With proton there was a giant leap taken, was it too big for everything to catch up?

Before proton, we got some great triple A titles here and there. We could handle it. Now the amount of announcements or releases of those titles have decreased. At least that's my feeling. And even worse, we hear lots of "news" that Linux support is dropped, will be dropped or "paused". Some of them caused by Epic and their exclusives, cutting us off even from titles that work with proton.

We can play now many single player titles, especially thanks to proton, more than we have time to play... but with more titles our demand also increases, especially for multiplayer titles. And most (big) games make the (big) money with multiplayer... but we are cut off... yeah, I have a bad feeling for Linux gaming in the near future. If we lose that little momentum we had, Linux gaming will stagnate, and stagnation means rip.

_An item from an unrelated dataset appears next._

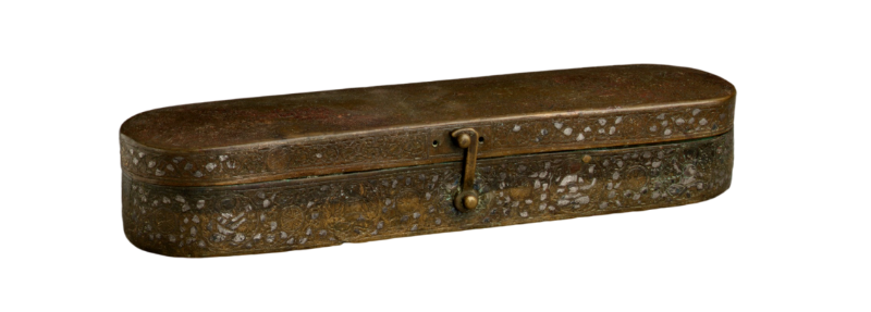穆斯林制作的金属笔盒多为长条形,单侧开合,内部存放多种尺寸的芦苇杆笔,并设有墨池。永乐、宣德时期的瓷质笔盒与此形制类似,但器表纹饰罕见星座之类域外流行题材。

Sorry to sound that pessimistic, I'm just starting to worry more and more with all those negative news...
tonR 6 May, 2019
**Wear tinfoil hat**
Well, let's say something....
...something about AR. >> Why Epic Games called an open platform truce with Microsoft (Venture Beat)
**Take off tinfoil hat**

Honestly, I'm not affected at all, (apologies to GoL users who online gamers).
But I hope this shitty moves will make more developers to build more LAN and split-screen option games for PC in general and especially for Linux gamers.
jasondaigo 6 May, 2019
then dont do eac for us and give us one lonely linux server :-)
0aTT 6 May, 2019
Quoting: callciferBecause the business case for EAC supporting Linux is no different today than it was a month ago, with or without Epic.
But without Epic no one at Kamu seemed to care. Supporting Linux does not mean violating natural laws. Also it's not forbidden. Also I don't think it's economic damage either. An anti-cheat system must work on many different platforms and should be designed to do so.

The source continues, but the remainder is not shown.